From the bright, bold colours of a busy market place, silk saris, luxurious chintz textiles, images of kings on elephants and sculptures of god, to more than 300 objects including coins, artwork, sculpture, maps, weaponry, ceramics, textiles and clothing, sourced from over 15 lending institutes including the British Museum, Victoria and Albert Museum and her Majesty the Queen’s own Royal collection, the ‘East of India – Forgotten trade with Australia’ exhibition at the Australian National Maritime Museum was as exhaustive as it was alluring.

The exhibition, which opened to the public on 1 June and lasted till 18 August, showcased various aspects of the trade which Australia had with India, a fact that many Australians are unaware of today. The early trade connections with India, which flourished over two centuries ago, were crucial to the growth and the survival of colonial Australia.

The East India Company was one of the world’s most powerful corporations of its time. It came to control the lives of millions in India, with its influence in New South Wales, Britain’s struggling first colony in the southern hemisphere. Sugar, rice, shoes, cloth, candles, cattle and other essentials were imported from India to New South Wales.

Explaining his concept for the exhibition, Dr Erskine says, “I have always been interested in the act of settlement. My PhD focused on the settlement on Pitcairn Island of mutineers from the bounty and I was intrigued by the notion that a group of sailors could arrive at an island they had never seen before and start a settlement. As I read about the first years of European settlement in Australia, I found myself reading more about India and the power of the East India Company – and that’s when the concept for an exhibition surfaced.”

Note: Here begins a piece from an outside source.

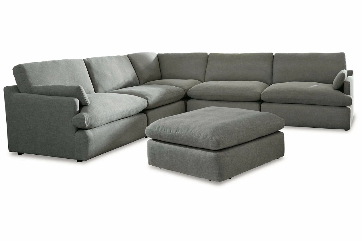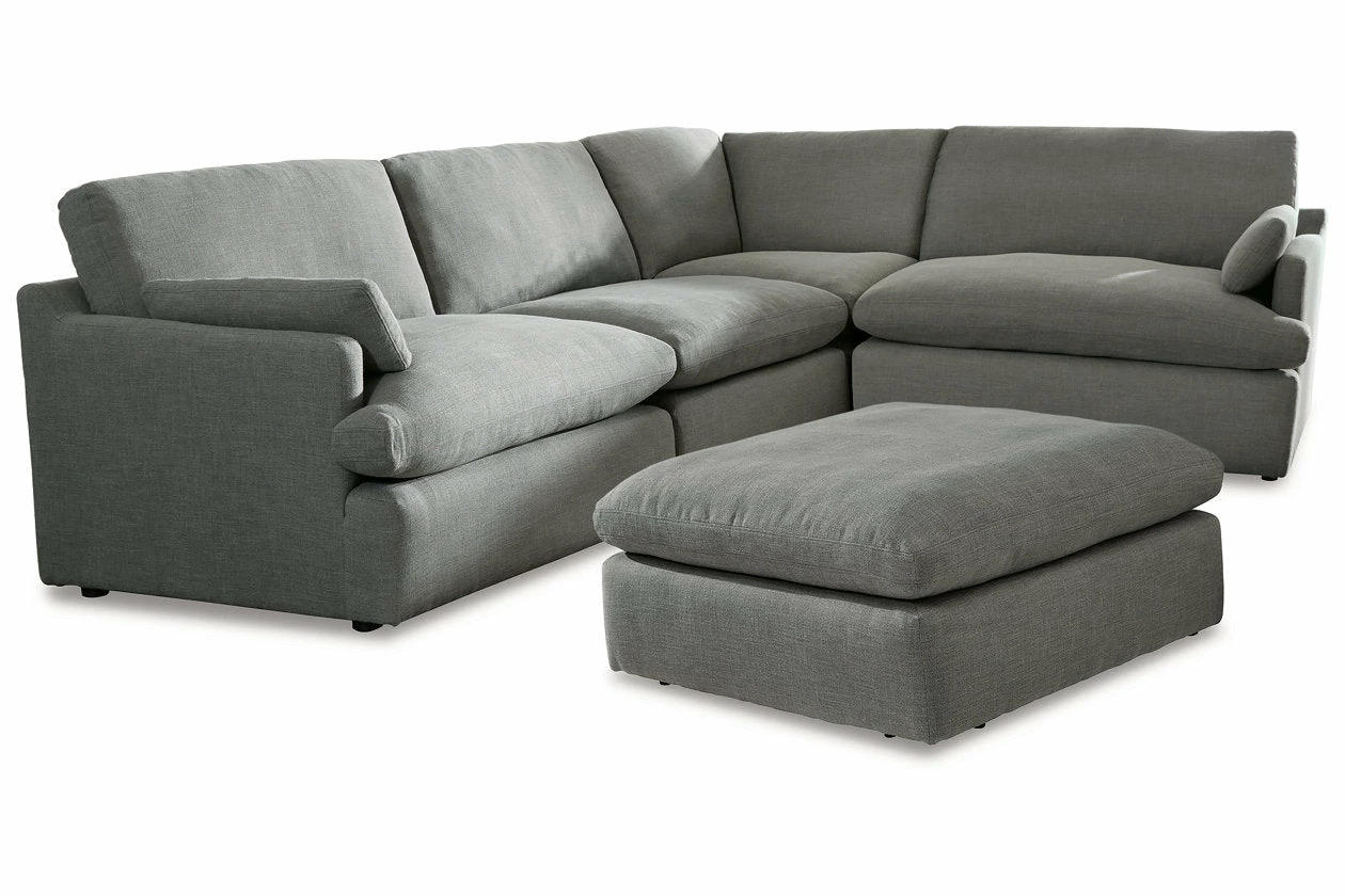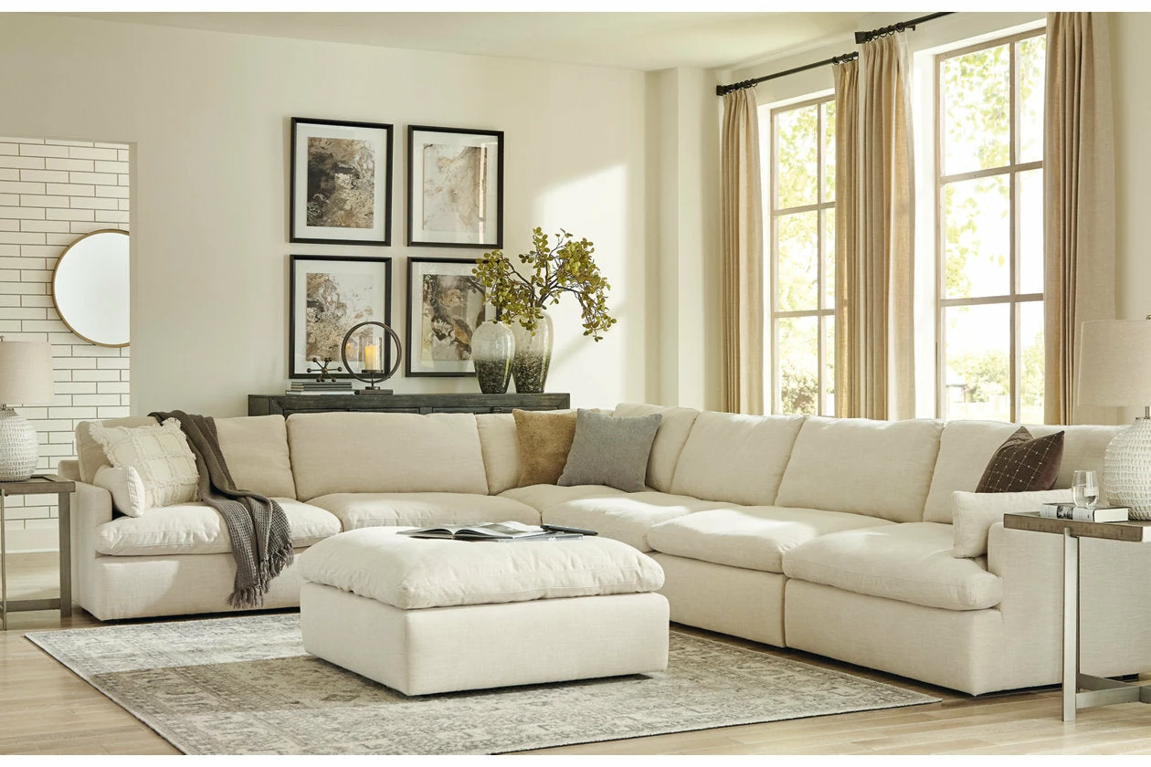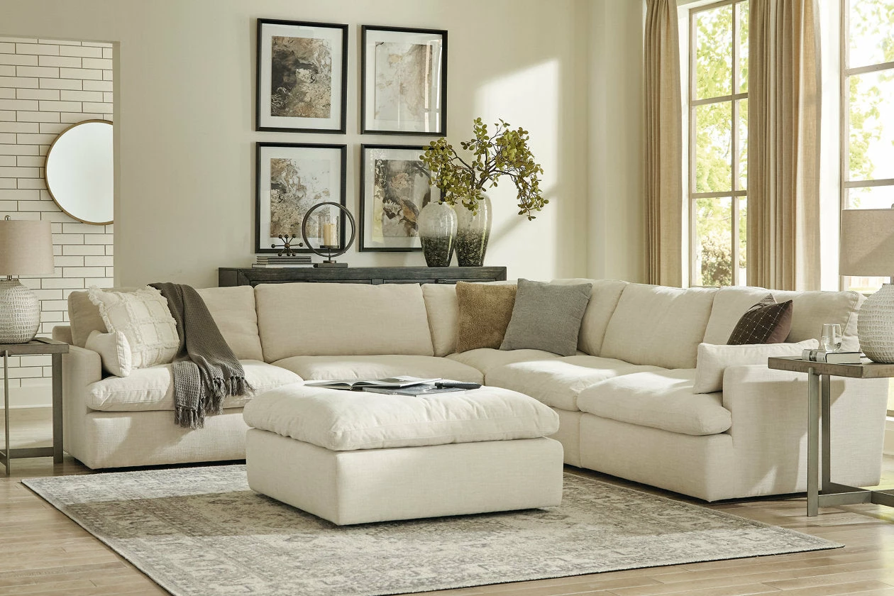 Blending a fresh, clean aesthetic with ultra-soft comfort that’s impossible to resist, this sectional and ottoman package sets the scene for living the dream. Whether your look is warm and cozy modern farmhouse or cool, crisp and contemporary, this masterfully crafted modular set tantalizes with plush feather-fiber blend reversible cushions and a linen-like fabric that’s a breath of fresh air. Slim track arms and structural bolster pillows enhance the experience.

He adds: “Perhaps unsurprisingly given the East India Company’s right to raise its own armies, mint its own coinage and collect taxes, many people are confused as to whether it was a trading company or a sovereign power.”
“To understand the story of colonial Australia’s engagement with India we have to step back and understand what was happening in India at the time,” says Dr Erskine.

This exhibition gave people a chance to examine rarely seen artifacts from the ship ‘Sydney Cove’ wrecked en route to Port Jackson with a cargo of Indian goods in 1797, and Indian currency including gold used by merchants who exported seal oil, timber, coal and horses from the fledgling colony.

Artifacts on display included the bejewelled sword that belonged to the Indian leader Tipu Sultan, who was killed by East India Company forces at the battle of Seringapatam in 1799, and Indian cargo from the ship Sydney Cove wrecked en route to Australia in 1797.

The exhibition also featured some of the forgotten stories of early settlers in the colony through documents and objects.